US miner cuts 1200 jobs, closes eight mines

FEARS in the US industry over the domestic market’s uncertainties just became much larger after Alpha Natural Resources announced it would cut about 9% of its workforce over the next several months and halt production at eight of its Appalachian thermal mines.
US miner cuts 1200 jobs, closes eight mines US miner cuts 1200 jobs, closes eight mines US miner cuts 1200 jobs, closes eight mines US miner cuts 1200 jobs, closes eight mines US miner cuts 1200 jobs, closes eight mines

Alpha Natural Resources corporate headquarters.

Donna Schmidt

Alpha officials called it an effort to reshape mine operations and strengthen its core cost-competitive assets as it put a stronger, sharper focus on its metallurgical business as it met “the evolving demands of a changing global coal market”

The severe cuts to payroll and production will begin immediately and extend through early 2013.

The first step has already occurred with the temporary idling of eight of its Virginia, West Virginia and Pennsylvania operations that will result in the elimination of 400 jobs.

The company did not indicate which mines would close but did confirm the decision would reduce annualised coal production and shipments by about 16 million short tons (14.5 million metric tonnes).

About 40% of that will stem from Alpha’s eastern higher-cost thermal operations that officials feel will not be competitive for the foreseeable future.

Roughly half the cuts will come from planned curtailments in the Powder River Basin so Alpha can match committed sales volumes.

The remainder will be through the reduced production of lesser quality metallurgical coal.

Some of those working at the mines that are being closed will be able to transfer to other opportunities under the Alpha umbrella.

“By early 2013, the company will be fully aligned to focus on two key strategic priorities: enhancing Alpha's metallurgical coal leadership position in both the domestic and international markets and establishing a durable core of cost-competitive thermal coal assets better suited to supply structurally shifting power markets in the United States and tap into new thermal markets overseas,” the company said.

Chairman and chief executive officer Kevin Crutchfield said the company was responding to “fundamental changes” in the mining industry.

“[W]e're taking decisive actions that set the table for Alpha to compete successfully as a leader in the global coal markets for years to come,” he said.

“We're taking a long-term view of the thermal coal market and we believe there are solid opportunities for diversified suppliers like Alpha to produce and sell thermal coal profitably into a smaller domestic market and to customers in new markets overseas.”

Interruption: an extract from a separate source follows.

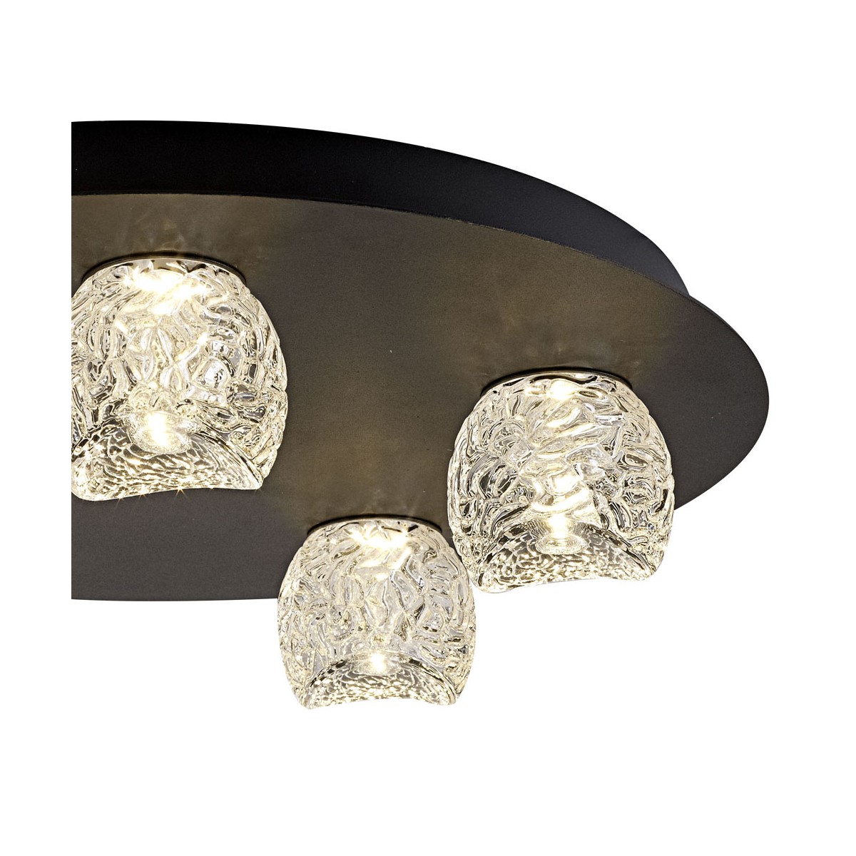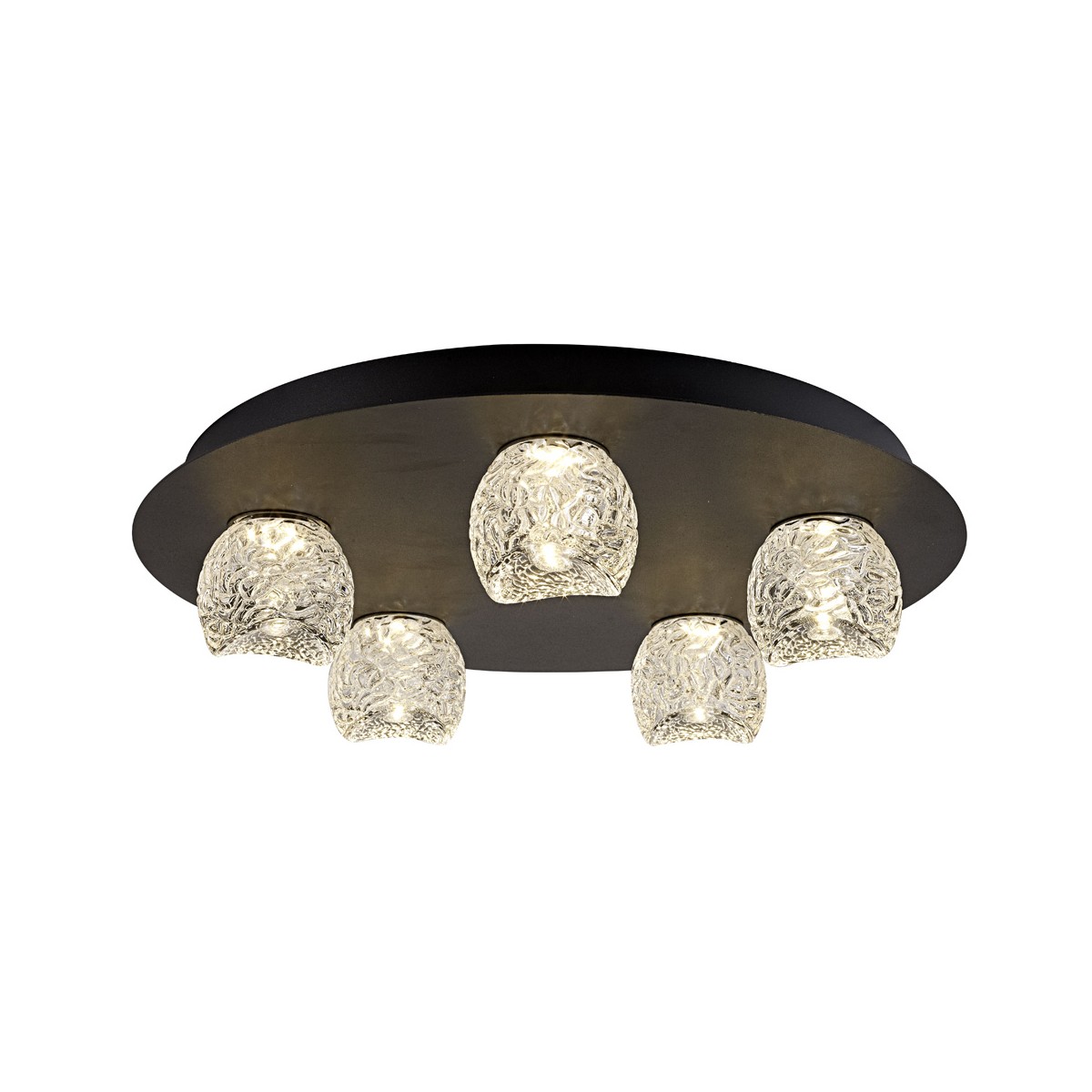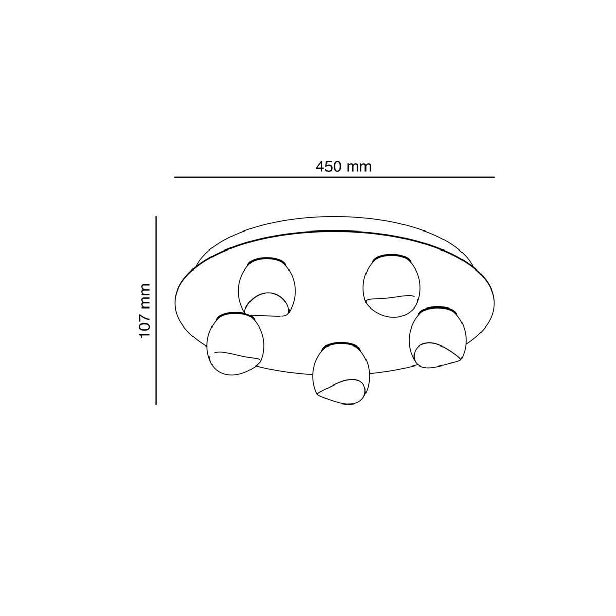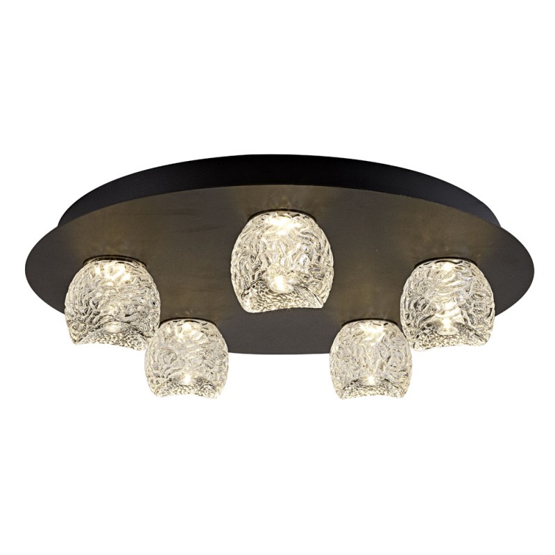 Plafonnier avec LED COB intégrée de la collection Fany. Il possède 5 tulipes de verre pressé. 25W de lumière chaude (3000K) 1800lm.

While a push for an international presence is certainly part of that plan, so is the opportunity to advance the producer’s position as a met coal supplier.

“Forecasts point to more than 100 million tons of increased seaborne metallurgical coal demand by the end of this decade and persistent structural supply limitations exist on sources of high-quality metallurgical coal,” he said.

“We intend to participate meaningfully in the market upside with costs that are globally competitive.”

Aside from jobs and production cuts, Alpha’s plan also includes further development of its international sales and trading function.

Also, with 25-30Mt of export capacity via the East Coast and Gulf of Mexico – untapped in part – the producer said it had the capability to increase exports swiftly.

“With approximately 1.5 billion tons of quality metallurgical coal reserves and a number of significant organic growth projects in various stages of development, Alpha is well positioned to

scale up quickly as demand from steelmakers around the world warrants,” it said.

Alpha is also planning a streamlining and optimisation effort under which it will consolidate its four operating regions into two, parallel with the smaller footprint going forward.

Officials said the realignment would allow a reduction in operational overhead while increasing effectiveness at the same time and because executive and administrative support would also be scaled down, it would be able to realise permanent overhead savings.

That plan includes establishing an Operational Performance Group to handle centralised technical support services to both of the company’s new operating regions.

Alpha Australia president Brian Sullivan will transfer back to the US to fill the chief commercial officer seat. Paul Vining held the position before being named president.

Sullivan will oversee all global sales and marketing activities.

Alpha executive leadership team members Randy McMillion and Eddie Neely will retire from November 1 and at that time the two seats will be merged with the current duties of other members of the team, as well as company executives.

Financially, the producer has estimated the comprehensive cost of the changes will be about $US150 million, including the $50-60M in reductions it already announced in June.

“The focus and shape of our company need to change to reflect our new business environment," Vining said.

“We must have a nimble operating model, superior cost management and an overhead structure that matches our streamlined operational footprint.

“We recognise these changes will impact our people, suppliers and communities in some areas where we operate.

“Alpha is committed to acting transparently and responsibly throughout the transition, with respectful consideration of our people and all other stakeholders."